Election 2022: Higher Education Policy Brief
After facing enormous difficulties during the pandemic, the higher education sector is in a slow but steady recovery mode. International students are returning to Australian universities and financial losses have been less than feared.
There now exists a strong policy convergence between the Coalition and Labor, with both major parties presenting versions of support for domestic places in courses aligned to specific employment outcomes.
Missing from the major party platforms are the reforms to both higher education and vocational education that would make the sector better able to meet the needs of the many different groups the sector serves.
What are the parties offering?
The Coalition and Labor took very different higher education policies to the 2019 federal election. The contest was between tightly capped total spending under the Coalition and a restored demand-driven system under Labor, allowing universities to enrol unlimited domestic students in undergraduate degrees.
In the 2022 election, Labor policy has shifted closer to the approach of the Coalition with a focus on set funding for places in high-demand courses. Labor has promised extra university places, more money and slightly changed criteria for distributing funding among universities. Unlike in 2019, it is not a radically different alternative to the Coalition’s policies. Labor is also promising to establish an “Australian Universities Accord” to drive lasting reform, though details are scant. The Greens are sticking with their more radical promise to guarantee a free place at university or TAFE (or an apprenticeship or traineeship) to enable them to pursue their passion and obtain a qualification in an area they are committed to, “without incurring massive debt” [17].
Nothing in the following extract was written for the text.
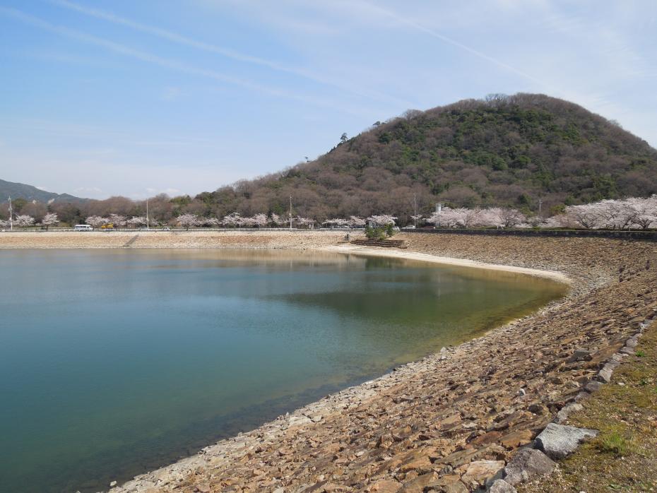 北山貯水池の周囲を彩る桜と背景の甲山が美しい景観を創出している。 撮影:西宮市都市デザイン課 |

The Coalition has focused its post-secondary education policies on skills and apprentices, areas traditionally associated with VET. As their main student related policy passed parliament in 2020, the Coalition’s major higher education election policies relate to research. The research commercialisation package, announced just before the election was called, targets projects in resources and critical minerals, food and beverages, medical products, recycling and clean energy, defence and space. The single largest initiative will be a $1.6 billion “Australia’s Economic Accelerator”, a three-stage program designed to attract projects at proof of concept, or proof of scale level of commercial readiness. The Coalition also pledged $296 million more to fund 1800 PhDs and fellowships in industry-focused disciplines. While there is reference made to promoting excellence in research and increasing the spending on research as a proportion of GDP in Labor’s National Platform document, there is to date no related detailed plan for comparison.
What are the likely battlegrounds?
Of the four different education sectors (the others are early childhood, schools, and VET), higher education seems to be the sector least likely to be a major election focus. This is because there is a strong policy convergence, though with some important differences.
The main source of tension may arise from competing claims about extra places. The Coalition and Labor are both stating that their policies will result in about 20,000 to 30,000 extra places. But the Coalition’s claim of extra places was the subject of some controversy – leading Jacqui Lambie to ask, “did they just pluck that out of their clacker, mate?” [18]
The March 2022 inflation figures did make it possible that higher education will become a more prominent election issue. By noting the increase in the price of tertiary education, which the ABS attributes to the Job-ready Graduates Package, higher education funding is now linked to cost-of-living pressures. This has made it easier to identify how students from many courses will have higher income contingent loans upon graduation.
Aside from the fight over the number of places offered and funding, the election battleground in tertiary education will most likely occur in VET policy because of a renewed political focus on skills and jobs. Missing in the campaign is a commitment to broader system reform that might better integrate higher education and VET so the tertiary education system can more effectively function as an optimal pathway for young people.